TASK INSTRUCTIONS: Verbatim copy, images excluded: write out each record shown below.

RECORDS TO USE:
[Start of Attachment]

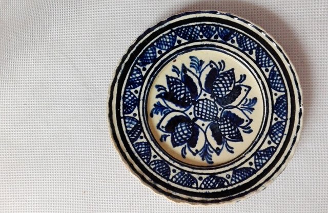 Talerz wykonany ręcznie z gliny, malowany i szkliwiony z przodu. Z tyłu zawieszka.
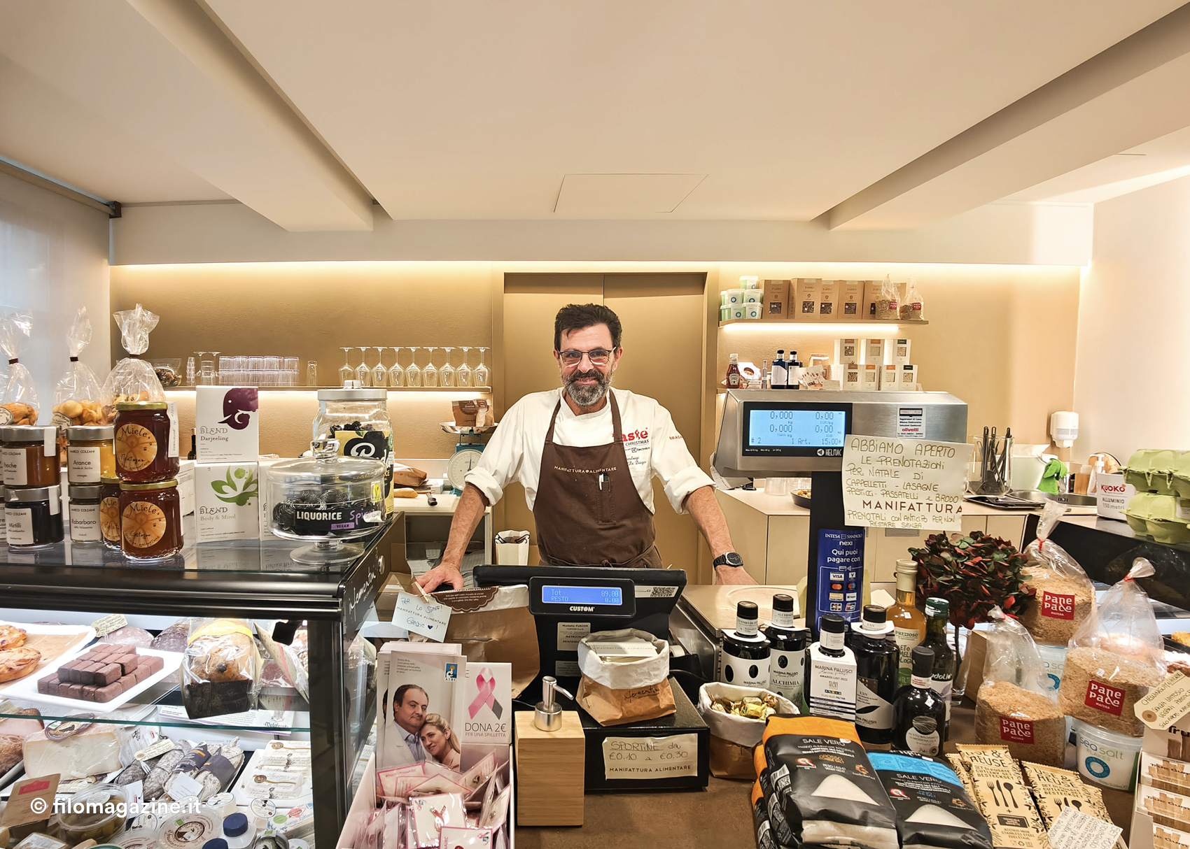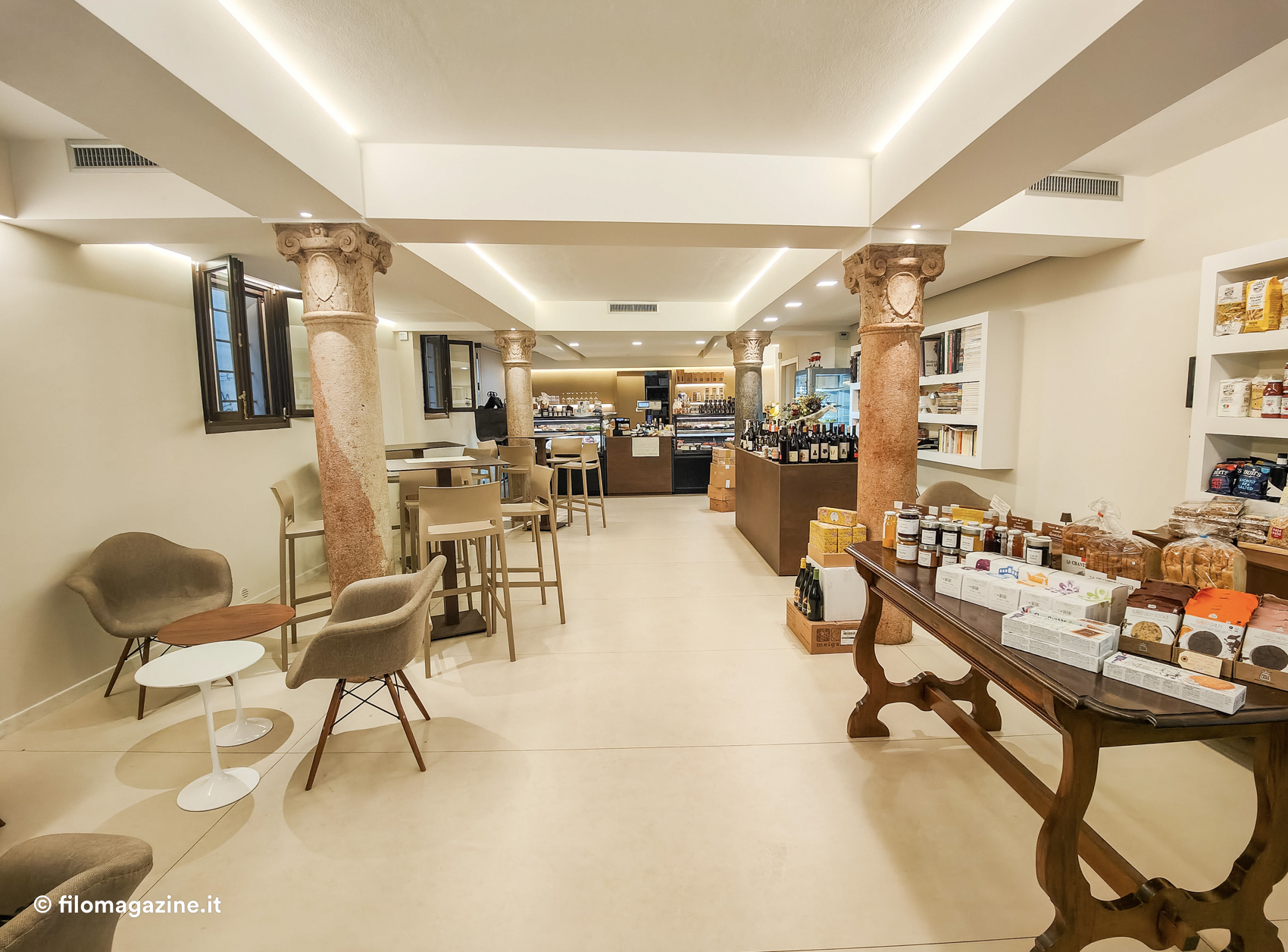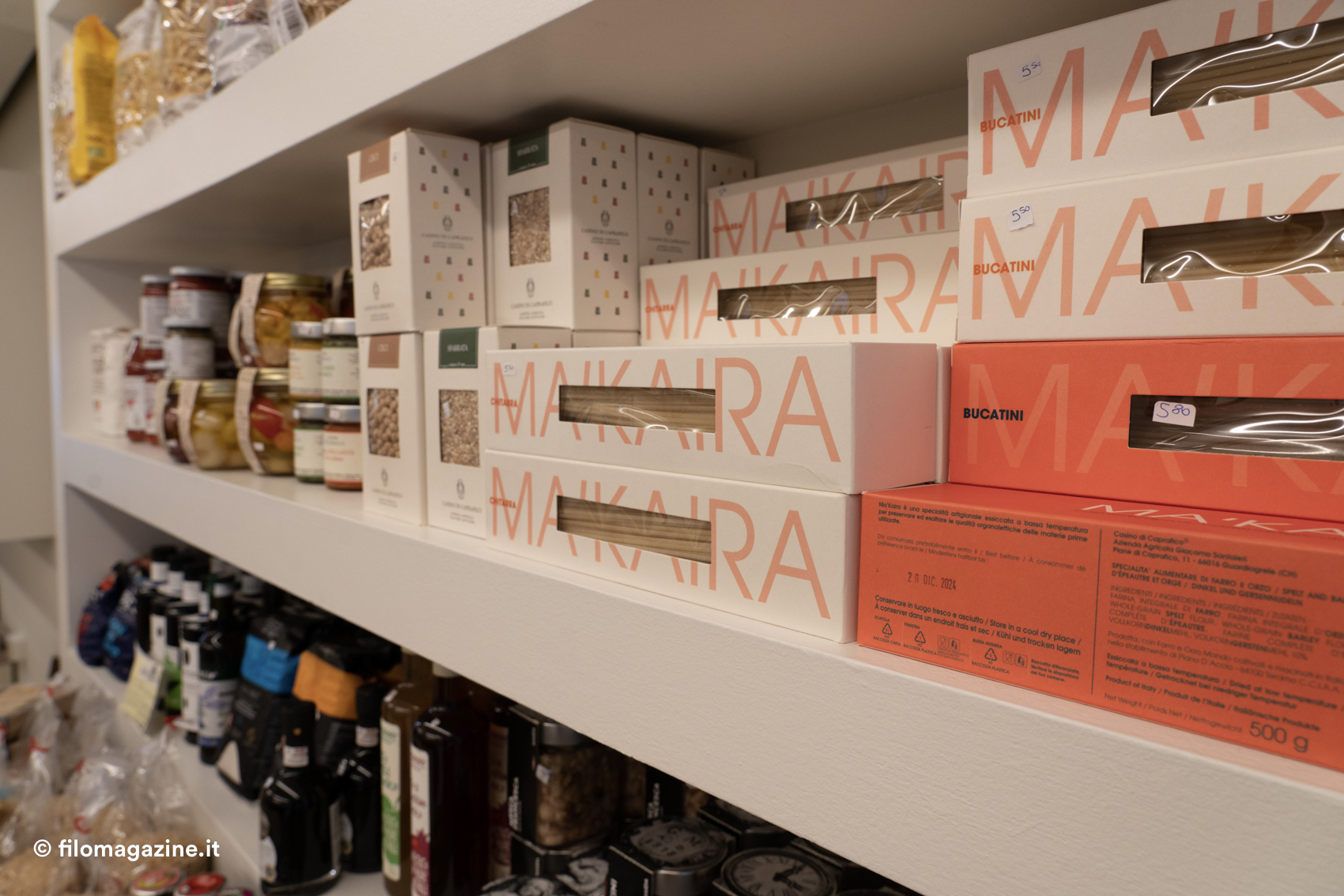 Ecco, cura è l’imperativo categorico di Piero: vi è la cura nella preparazione dei piatti, vi è la cura nell’allestimento di ogni angolo del locale, dal bancone (che delizia già al primo sguardo), al già menzionato scaffale dei libri, dal frigo con la pasta fresca, allo scaffale dei prodotti locali promossi e venduti, alla disposizione dei (pochi) tavoli presenti all’interno per la consumazione sul posto, fino alla cura nell’accoglienza del cliente, che diventa vero e proprio ospite salutato sempre con il sorriso. La cura è anche nella promozione non solo dell’artigianalità, ma anche dell’artigiano stesso: sui cartelli affissi all’interno, infatti, ogni birra o vino viene promosso rimarcando il nome di chi li ha prodotti.
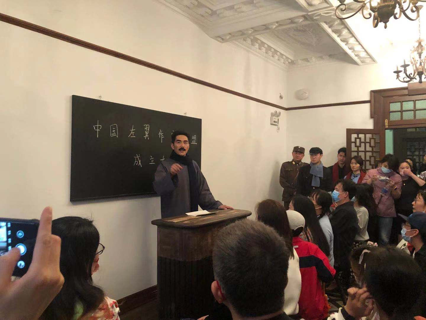 人民網上海5月4日電 (葛俊。┰凇爸袊笠碜骷衣撁顺闪⒋髸鄙像雎狋斞赶壬难葜v、在景云里游行示威隊伍里高聲吶喊、在左聯會址紀念館祭奠先烈……5月4日,上海首個沉浸互動式紅色文化情景劇《青春為祭》在多倫路首演。該劇以魯迅、丁玲、李偉森為主要人物,形成三條獨立路線,展示了左聯五烈士被捕犧牲前后的事件進程,再現了各位烈士及革命志士的心路歷程。
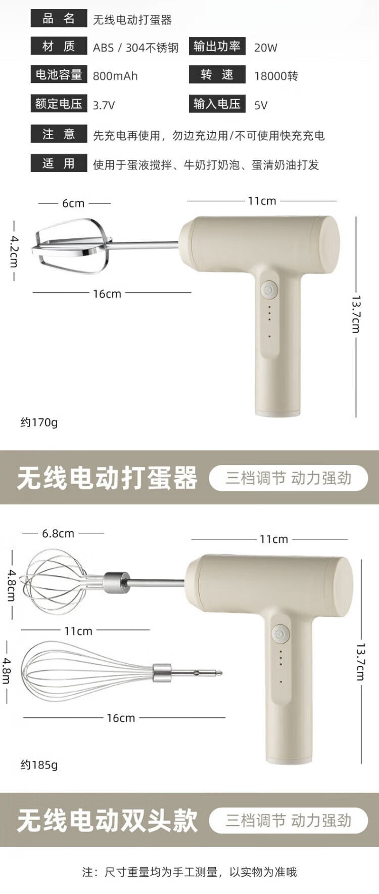 Wing Fantasy German brand rechargeable electric egg beater stainless steel cream whipper mixer household whisk double-head rechargeable model
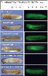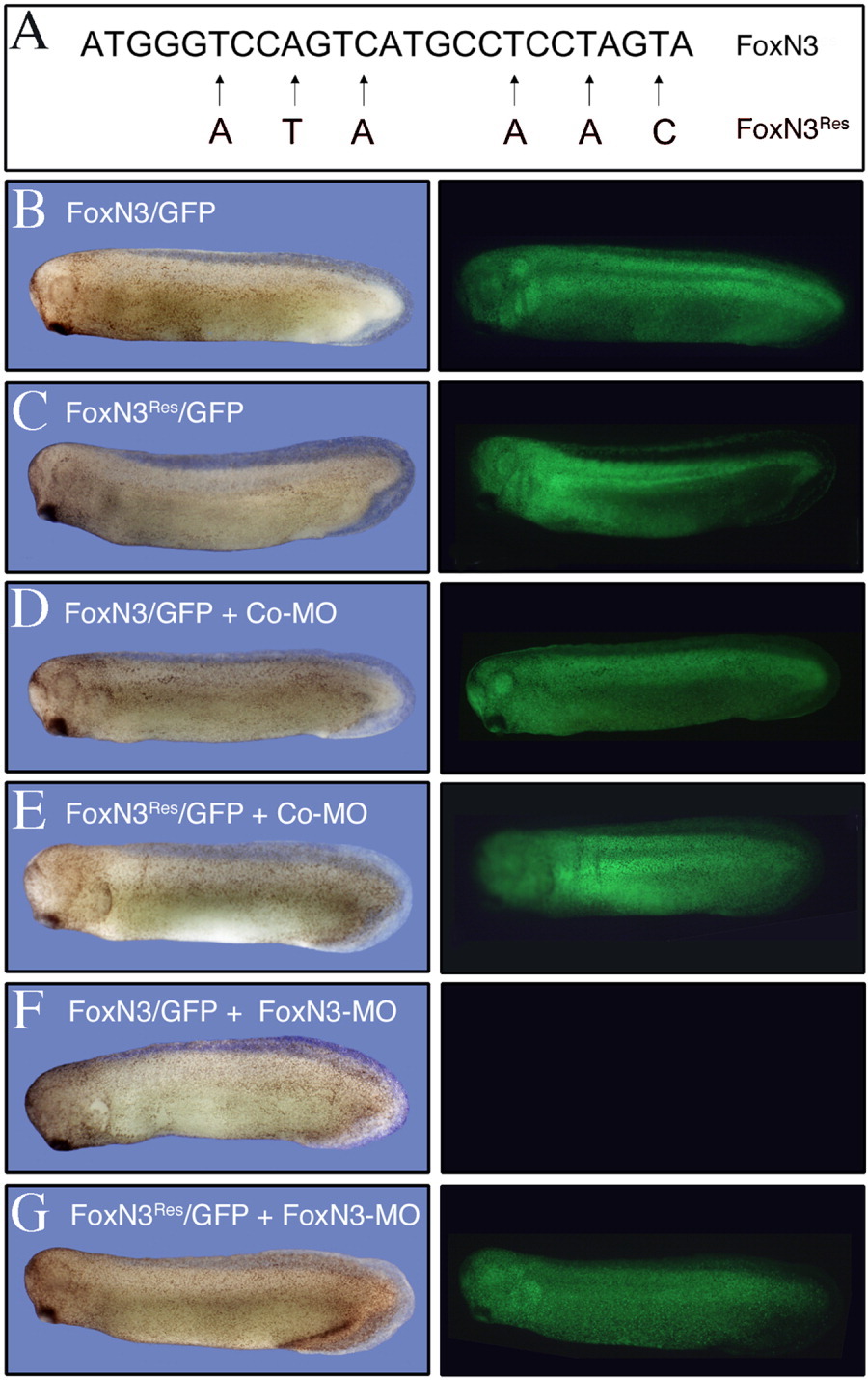 Figure 1. Inhibition of in vivo translation of a FoxN3/GFP fusion construct by FoxN3âMO. The 5â²âcoding sequence (300 bp) of FoxN3 including the translation start codon were fused to GFP (FoxN3/GFP). Alternatively, six silent mutations in the putative morpholino binding site were introduced (FoxN3Res/GFP). RNA of these constructs was injected into both blastomeres at the 2âcell stage and embryos were analysed at stage 31. A: 5â²âcoding sequence (25 bp) of FoxN3 is reverse complementary to the FoxN3 morpholino (FoxN3âMO) sequence. Silent mutations in the FoxN3Res/GFP construct are indicated. B,D,F: Lateral views on embryos injected with 0.5 ng FoxN3/GFP RNA (B), coâinjected with 13 ng CoâMO (D) or with 13 ng FoxN3âMO (F) into each blastomere. C,E,G: Lateral views on embryos injected with 0.5 ng FoxN3Res/GFP RNA containing the silent mutations (C), coâinjected with 13 ng CoâMO (E) or with 13 ng FoxN3âMO (G) into each blastomere. Embryos are photographed under normal light (left) and under UV light (right). Fluorescence is visible in embryos with FoxN3Res/GFP RNA injection and FoxN3âMO (G), but not with FoxN3/GFP RNA and FoxN3âMO (F). |
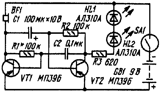 Транзисторы могут быть любые из серий МП39-МП42, но с коэффициентом передачи тока не менее 30. Резисторы - МЛТ-0,125, конденсатор С1 - К50-6, С2 - МБМ. Головной телефон - ТМ-2 или другой малогабаритный, сопротивлением 100... 200 Ом. Вместо указанных на схеме подойдут другие светодиоды. Яркость их свечения устанавливают подбором резистора R3. Источник питания - батарея "Крона", геркон - КЭМ-1.
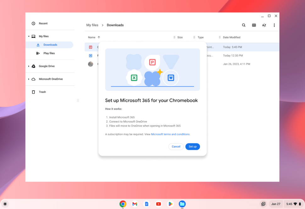 ユーザーには、Microsoft 365 Webアプリをインストールし、Microsoft OneDriveをChromebookファイルアプリに接続するプロセスを通じて、ガイド付きセットアップエクスペリエンスが提供されます。ファイルは、Microsoft 365アプリで開くときにMicrosoft Onedriveに移動されます。
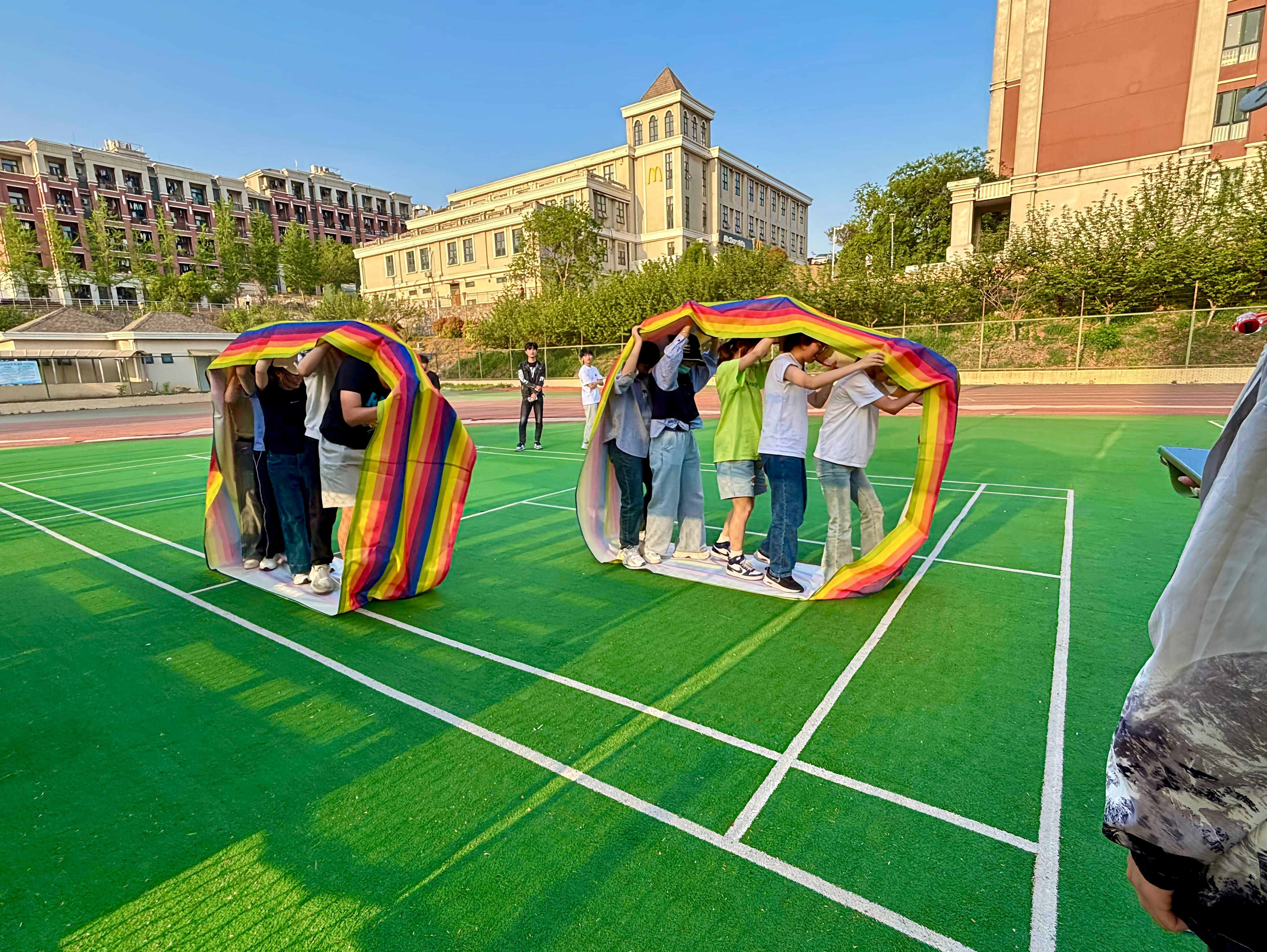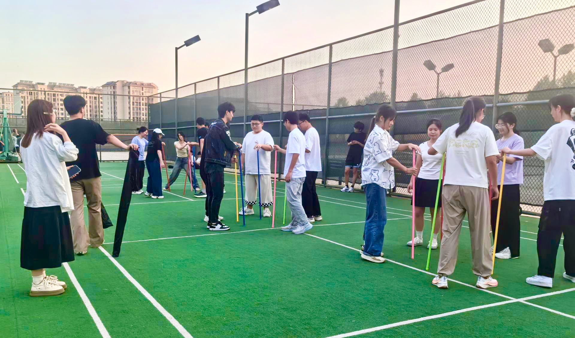 本次运动会以"团结协作,快乐成长"为主题,精心设计了三个富有教育意义的团队竞赛项目。在"不倒森林"环节,参赛队员需要默契配合,共同控制长杆保持平衡;"无敌风火轮"项目考验团队的协调性和同步性;"摸石过河"则着重培养队员的资源分配能力和战略思维。经过激烈角逐,第一组凭借出色的团队配合获得冠军。

[End of Attachment]

PROBLEM SOLUTION:
 Talerz wykonany ręcznie z gliny, malowany i szkliwiony z przodu. Z tyłu zawieszka.
 Ecco, cura è l’imperativo categorico di Piero: vi è la cura nella preparazione dei piatti, vi è la cura nell’allestimento di ogni angolo del locale, dal bancone (che delizia già al primo sguardo), al già menzionato scaffale dei libri, dal frigo con la pasta fresca, allo scaffale dei prodotti locali promossi e venduti, alla disposizione dei (pochi) tavoli presenti all’interno per la consumazione sul posto, fino alla cura nell’accoglienza del cliente, che diventa vero e proprio ospite salutato sempre con il sorriso. La cura è anche nella promozione non solo dell’artigianalità, ma anche dell’artigiano stesso: sui cartelli affissi all’interno, infatti, ogni birra o vino viene promosso rimarcando il nome di chi li ha prodotti.
 人民網上海5月4日電 (葛俊。┰凇爸袊笠碜骷衣撁顺闪⒋髸鄙像雎狋斞赶壬难葜v、在景云里游行示威隊伍里高聲吶喊、在左聯會址紀念館祭奠先烈……5月4日,上海首個沉浸互動式紅色文化情景劇《青春為祭》在多倫路首演。該劇以魯迅、丁玲、李偉森為主要人物,形成三條獨立路線,展示了左聯五烈士被捕犧牲前后的事件進程,再現了各位烈士及革命志士的心路歷程。
 Wing Fantasy German brand rechargeable electric egg beater stainless steel cream whipper mixer household whisk double-head rechargeable model
 Figure 1. Inhibition of in vivo translation of a FoxN3/GFP fusion construct by FoxN3âMO. The 5â²âcoding sequence (300 bp) of FoxN3 including the translation start codon were fused to GFP (FoxN3/GFP). Alternatively, six silent mutations in the putative morpholino binding site were introduced (FoxN3Res/GFP). RNA of these constructs was injected into both blastomeres at the 2âcell stage and embryos were analysed at stage 31. A: 5â²âcoding sequence (25 bp) of FoxN3 is reverse complementary to the FoxN3 morpholino (FoxN3âMO) sequence. Silent mutations in the FoxN3Res/GFP construct are indicated. B,D,F: Lateral views on embryos injected with 0.5 ng FoxN3/GFP RNA (B), coâinjected with 13 ng CoâMO (D) or with 13 ng FoxN3âMO (F) into each blastomere. C,E,G: Lateral views on embryos injected with 0.5 ng FoxN3Res/GFP RNA containing the silent mutations (C), coâinjected with 13 ng CoâMO (E) or with 13 ng FoxN3âMO (G) into each blastomere. Embryos are photographed under normal light (left) and under UV light (right). Fluorescence is visible in embryos with FoxN3Res/GFP RNA injection and FoxN3âMO (G), but not with FoxN3/GFP RNA and FoxN3âMO (F). |
 Транзисторы могут быть любые из серий МП39-МП42, но с коэффициентом передачи тока не менее 30. Резисторы - МЛТ-0,125, конденсатор С1 - К50-6, С2 - МБМ. Головной телефон - ТМ-2 или другой малогабаритный, сопротивлением 100... 200 Ом. Вместо указанных на схеме подойдут другие светодиоды. Яркость их свечения устанавливают подбором резистора R3. Источник питания - батарея "Крона", геркон - КЭМ-1.
 ユーザーには、Microsoft 365 Webアプリをインストールし、Microsoft OneDriveをChromebookファイルアプリに接続するプロセスを通じて、ガイド付きセットアップエクスペリエンスが提供されます。ファイルは、Microsoft 365アプリで開くときにMicrosoft Onedriveに移動されます。
 本次运动会以"团结协作,快乐成长"为主题,精心设计了三个富有教育意义的团队竞赛项目。在"不倒森林"环节,参赛队员需要默契配合,共同控制长杆保持平衡;"无敌风火轮"项目考验团队的协调性和同步性;"摸石过河"则着重培养队员的资源分配能力和战略思维。经过激烈角逐,第一组凭借出色的团队配合获得冠军。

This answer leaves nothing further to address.